Журнал Русская жизнь - Захолустье (ноябрь 2007)
Это чуть меньше, чем средняя зарплата в сельском хозяйстве (3740 р.). И чуть больше, чем номер в совсем не роскошной гостинице «Валдайские зори», куда надо пробираться сквозь толпу гастарбайтеров.
Мы заходим в кирпичную церковь Апостолов Петра и Павла при городском кладбище, где похоронен Меньшиков, - это был один из двух приходов Новгородской области, восстановленных в 1943 году. Священник Игорь Грибов - музыкант, выпускник Петербургской семинарии, отец троих детей. «Игорь Тонкий», как зовут его здесь, чтобы отличать от Толстого из другого прихода. Недавно прихожанка подарила отцу Игорю дом. Небольшой и не новый, - но дом, а свою маленькую квартиру он отдал ученику, «стажеру», помогает ему переезжать. Отставные ученые из института ходят в кружок православной культуры: на доске - древнегреческая вязь, в каменной печке греется картошка.
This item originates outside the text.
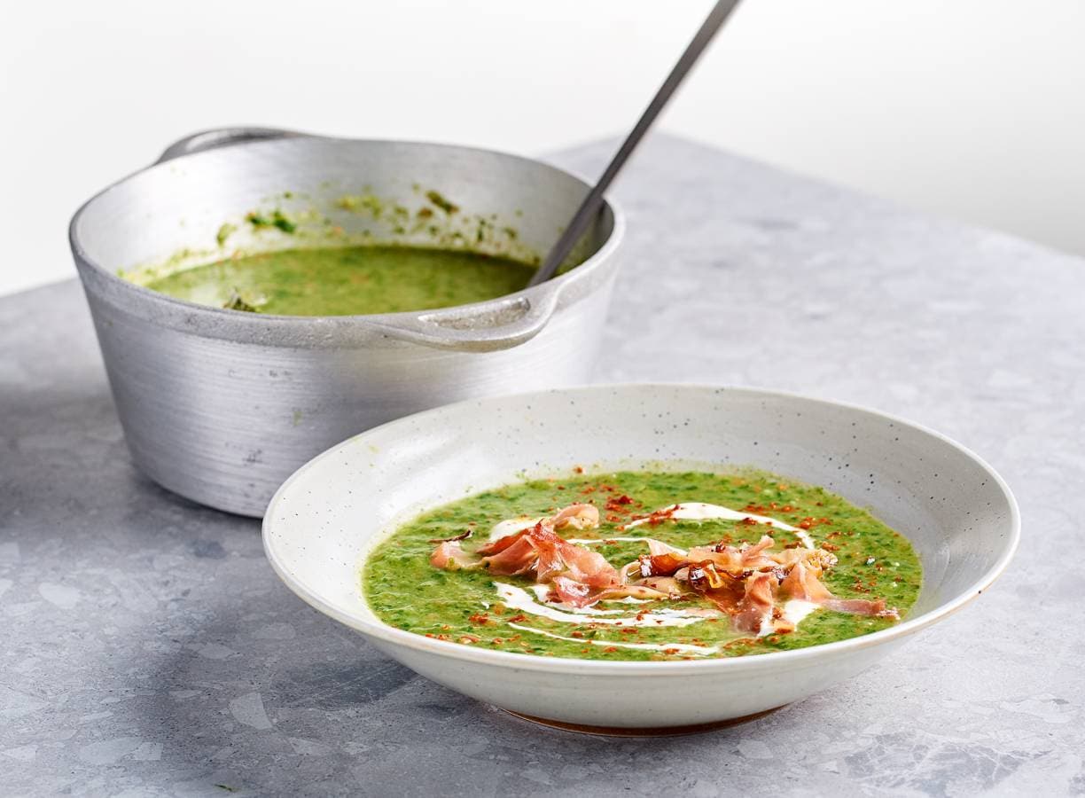 Deze groene lentesoep met spinazie is lekker romig en toppen we af met knapperige Coburger ham.

Я выхожу на заснеженные мостки, смотрю на остров посреди Святого озера, и кажется, что это просто два берега, разделенные тремя километрами черной воды. На этом - жизнь. На том - ранее патриарший, теперь почти «номенклатурный» свежеотстроенный монастырь. По городской легенде, которую мне с удовольствием несколько раз пересказывали со словами «есть свидетели», приехал Чубайс, увидел шестерых монахов в резиновых сапогах в мороз и протянул вооот такенную пачку денег. И сказал: еще дам. И дал. И Путин дал. И больше, добавляют валдайцы, не было там худых монахов. Кесарю кесарево: появилась крупнейшая на Северо-Западе строительная компания, несколько лет шла ликующая стройка, к острову протянули цельнометаллический мост, братия приосанилась, с паломниками стала разговаривать хамовато, сквозь зубы, на вопрос «Кто же вам помогает» отвечают многозначительно: «Сосед…» А недавно, рассказывает прихожанин, в епархии подсчитали и ахнули: поддержание новой инфраструктуры требует суммы большей, чем весь епархиальный бюджет! Зато можно заказать отпущение грехов онлайн.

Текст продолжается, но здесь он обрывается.